Review of some large banks from Fidelity on 2/15/21

It is interesting to me that these banks have a market value of equity ranging from as low as 0.84x book to 1.73x book; The corresponding range of ROE (ttm) is 1.06% to 11.53%. This seems like abysmal performance, granted during a global pandemic and economic recession. It turns out there is a ton of data available about bank performance and financial condition on the FDIC website; Wrestling with this data was one of the first efforts I made as I started to teach myself Python (brief blogpost here). I continue to think about how to work with this data, including creating a connection between Python and SQLite to manage the data in a different way, but I am struggling to get that to fit together properly. In the meantime, I wrote a program yesterday to visualize a simple distribution of bank ROE for six states against average assets (including an embedded plot focused on banks with less than $5bb of assets and a dotted line @ 10% ROE.)

Jens review of distribution of ROE against bank assets per FDIC data in six states (9/30/20 file)

Aside – if, upon reviewing the data in the above set of charts, the NY efficiency ratio value leaps off the page as confusing, as it did to me, I looked a bit closer. I don’t have a great response, other than there are seemingly more “unusual” filings, such as foreign banks which are unreported (ref.
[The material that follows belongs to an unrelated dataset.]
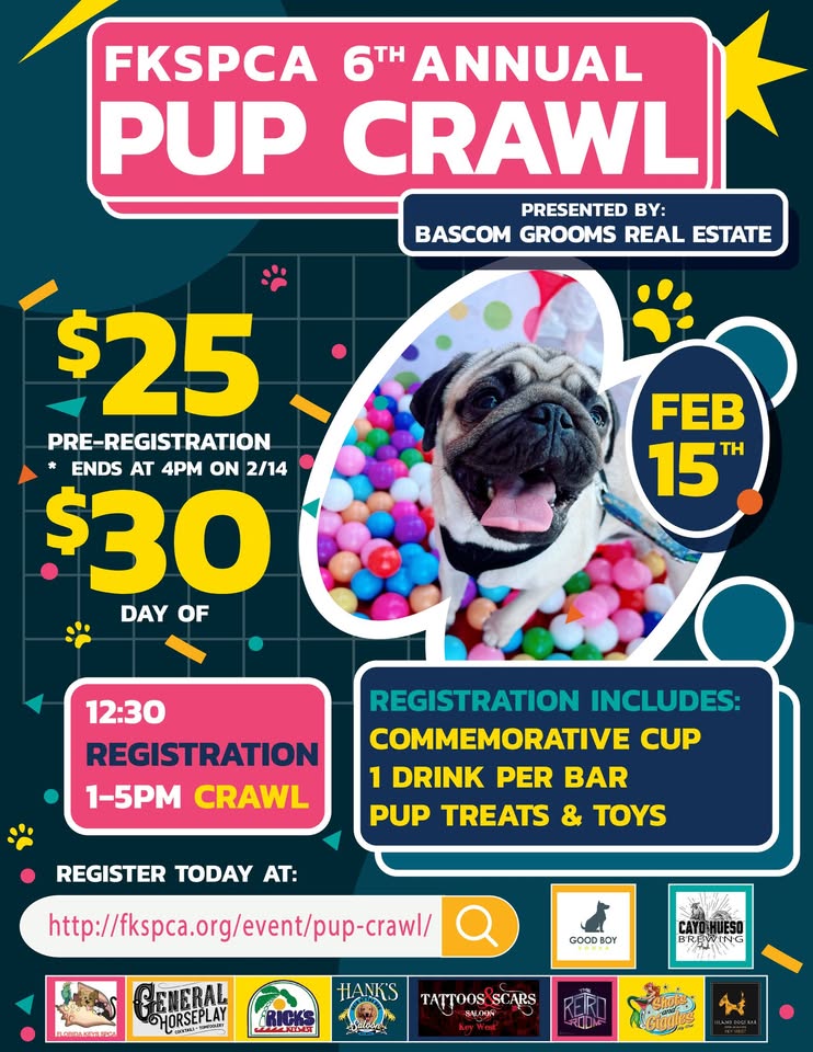 <p>Our 6th annual Pup Crawl is back and this year our Presenting Sponsor is Bascom Grooms Real Estate! Join us Saturday, February 15th at 12:30pm to benefit the animals of the Florida Keys SPCA! This is sure to be a day you and your dog don’t want to miss! Thanks to our Vodka sponsor Good Boy Vodka and our Beer sponsor Cayo Hueso Brewing for your included drinks on the crawl!</p>

State Bank of India and The Bank of East Asia Ltd for two examples) as well as other banks that are probably unique, such as “MORGAN STANLEY PRIVATE BANK, NATIONAL ASSOCIATION” (cert. 34221) as well as “METROPOLITAN BANK AND TRUST COMPANY” (cert. 33656). I suspect that a disproportionate number of such banks distort the median efficiency ratio quoted, but I am not certain…
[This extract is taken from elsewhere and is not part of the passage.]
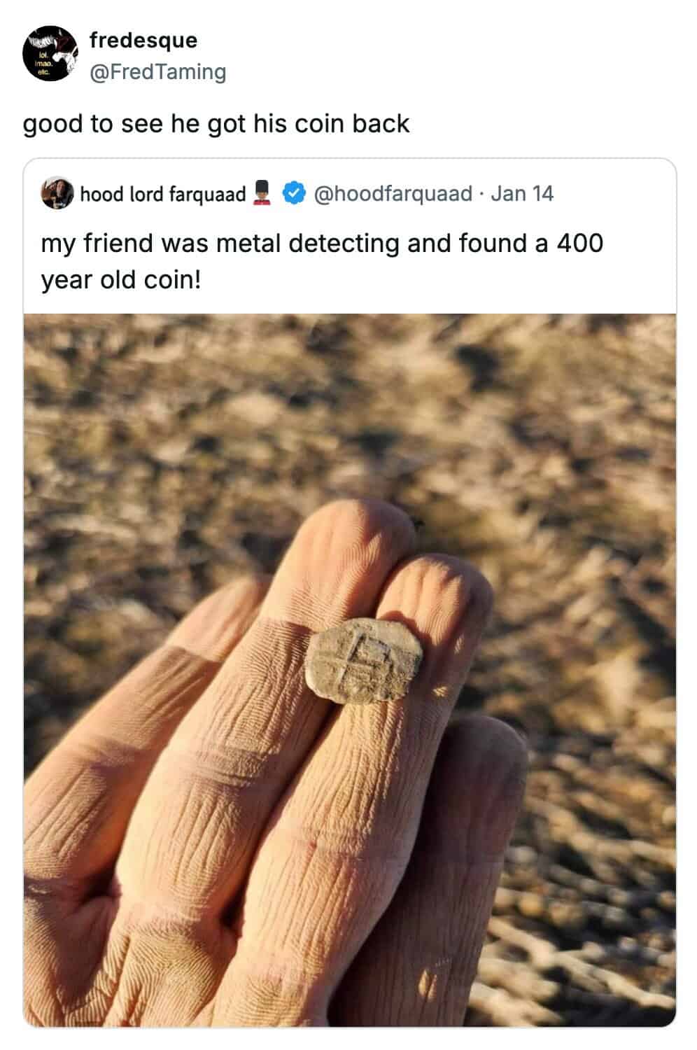Also: “good to see he got his coin back” about the wrinkled hand is so rude and so clean. Some viral comments feel like a professional roast written in under three seconds. Terrifying talent.

Snapshot of some NY data, from follow-up inquiry into a seemingly low efficiency ratio statistic

The way I think about positioning of banks and their opportunity to return value includes the following:

  • Who are the customers?
  • What service lines are offered by the bank? What are the associated risks, growth rates, margins?
  • What is the geography?

For some bank services, there are quite detailed reports available on the FDIC, as well. For example, here are deposit market share detail for three central-PA markets captured by two Pennsylvania banks:

Comparison of deposit market share detail in three CPA counties across two banks: Kish and FNB

So, in a 2021 context that includes new approaches to monetary policy, decentralized finance with block-chain and crypto-currencies, other emerging financial technology, a milieu that includes non-bank participants, as well as risks of additional regulation (on top of Basel III and Dodd-Frank), what is the outlook for common equity holders of US commercial banks? I am not sure, but as I write this post and think further about current trends and the regulatory outlook, I am feeling less confident that my individual holdings of US banks makes sense… I will continue to hold them, though, and thank heavens I wasn’t a recent shareholder of $SHLDQ! (For a recap of recent history at Sears, read this).